Attention in recent days has been paid to the Colorado Supreme Court’s ruling that Donald Trump can be barred from the presidential ballot for participating in an insurrection as ordered by Section 3 of the 14th Amendment. Maine’s secretary of state has also ruled Trump out. But under the radar, a separate case involving that amendment has been working through the courts, which would be just as impactful for the outcome of the 2024 elections.
About a year ago, I reported in the Prospect on a pending lawsuit filed on behalf of a citizens group by former Department of Justice lawyer Jared Pettinato. The suit asks that the Census Bureau be required to enforce Section 2 of the 14th Amendment, enacted in 1868 to strip congressional representation from states that disfranchise voters. The text applies to general methods states adopt that keep people from voting and is not limited to racial discrimination. The proportional loss of congressional representation would also reduce the votes that states would get in the Electoral College.
The Section 2 case is now moving toward resolution. Briefs have been filed, and oral argument is expected shortly before the court of appeals in Washington, D.C.
Cases involving the two constitutional provisions of the 14th Amendment have major differences and striking similarities.
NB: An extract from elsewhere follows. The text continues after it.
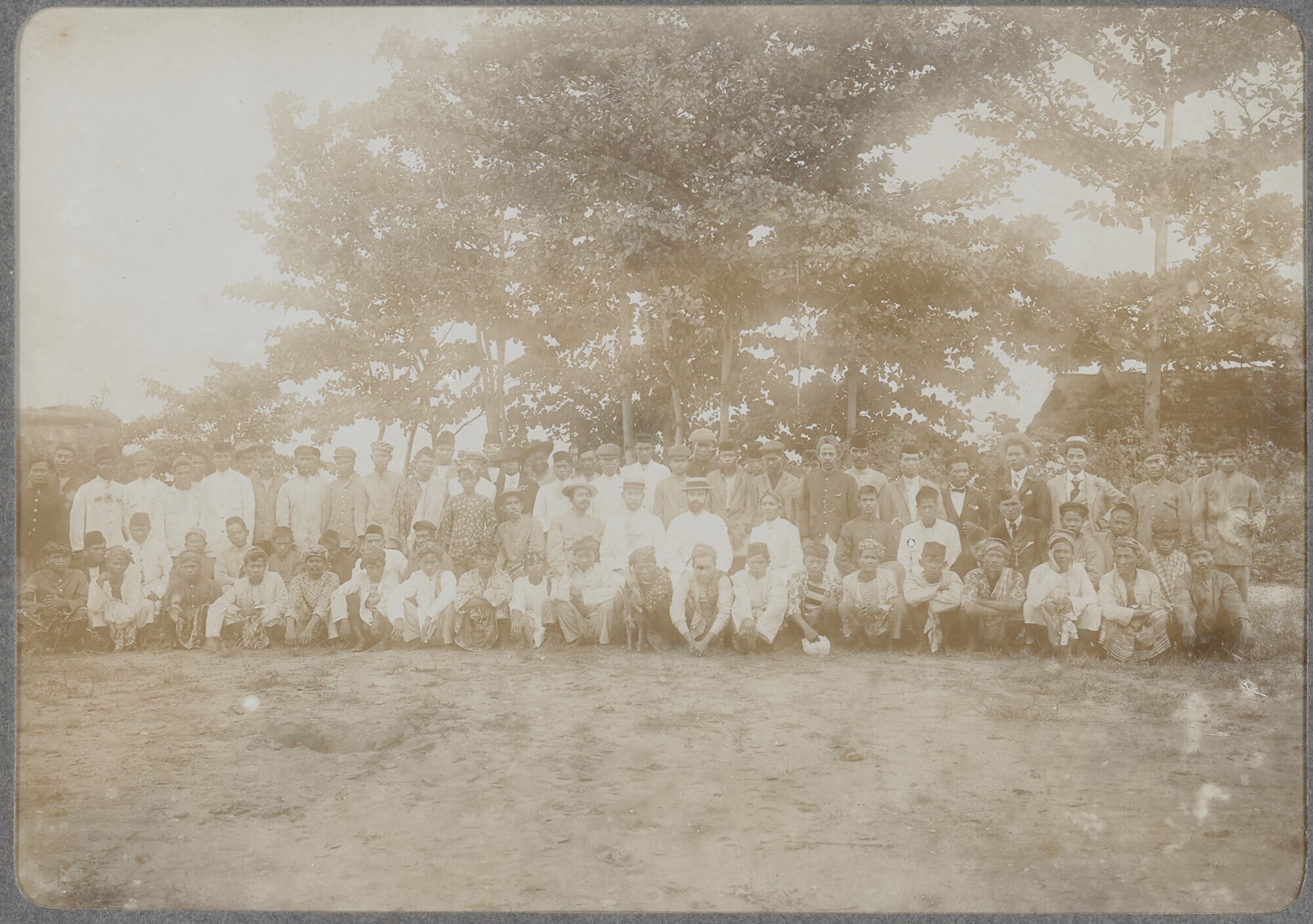 Groepsportret van dragers en deelnemers aan de Eerst...

Neither has been authoritatively interpreted.
On a structural level, enforcing Section 2 for the first time would conceivably sanction and thus potentially eliminate the web of restrictions and hurdles that keep substantial numbers of citizens from casting a vote. Some states would lose representatives, and electoral votes, to states that make it easier to vote. In contrast, the Section 3 insurrection issue is individualized, dealing only with a former president whose misdeeds are unique in American history.
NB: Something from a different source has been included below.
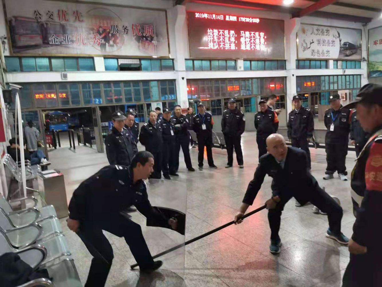 臨近年末,綜治維穩(wěn)形勢愈發(fā)嚴峻,為進一步推動平安蕭山建設(shè),提高公司反恐怖防范和應(yīng)急處置能力,鞏固司乘人員的反恐防恐安全意識,12月27日晚間,蕭山公交公司在通惠路公交站積極開展反恐防恐應(yīng)急知識培訓(xùn)及演練活動。活動中,所有參培人員首先接受了反恐防恐知識、公交車突發(fā)事件處置和消防知識培訓(xùn)。隨后,參配人員在公司安全管理人員安排下模擬開展突發(fā)恐怖劫持事件的反恐防恐應(yīng)急處置演練。
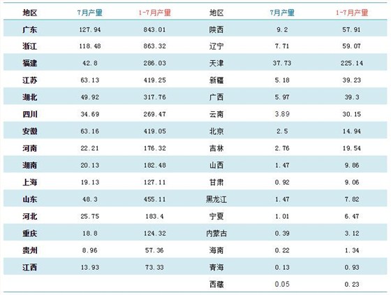 1-7月塑料制品累計產(chǎn)量排名前五位(廣東、浙江、安徽、江蘇和湖北)的總產(chǎn)量達(dá)到2862.39萬噸,占到全國總產(chǎn)量53.8%(7月規(guī)模企業(yè)統(tǒng)計)

But in both cases, the courts are being asked to render decisions that could change the political balance of power, outcomes that involve judicial intervention similar to the much-criticized Bush v. Gore decision that determined the presidency in 2000.
Finally, the odds are that the Colorado case will be reversed by the Supreme Court, while the future of the citizens group challenge under Section 2, while a long shot, is far from settled.
In the Section 2 case, a trial court decided that the plaintiffs lacked legal standing, in large part because they hadn’t sufficiently shown that specific states would certainly lose and gain seats. But Pettinato’s complaint alleges at least one concrete disfranchisement scenario (and others are obvious).
Wisconsin’s 2011 voter ID law prevented 300,000 registered voters who lacked identification from casting a ballot, according to U.S. District Court Judge Lynn Adelman. This finding was accepted as true on appeal, and should be accepted as true at this stage of the Section 2 litigation. As 300,000 registered voters is approximately 9 percent of Wisconsin’s total registrants, the complaint reasons that Wisconsin should lose 9 percent of its representatives, equal to one member of Congress and one electoral vote. Another state would gain that representative.
The few lawsuits brought under the terms of Section 2 have almost all found ways to avoid enforcement.
It may be significant that DOJ lawyers have now injected a new defense in their brief in the court of appeals, a move that often signals a belief that the theory relied on in the lower court is ultimately unpersuasive.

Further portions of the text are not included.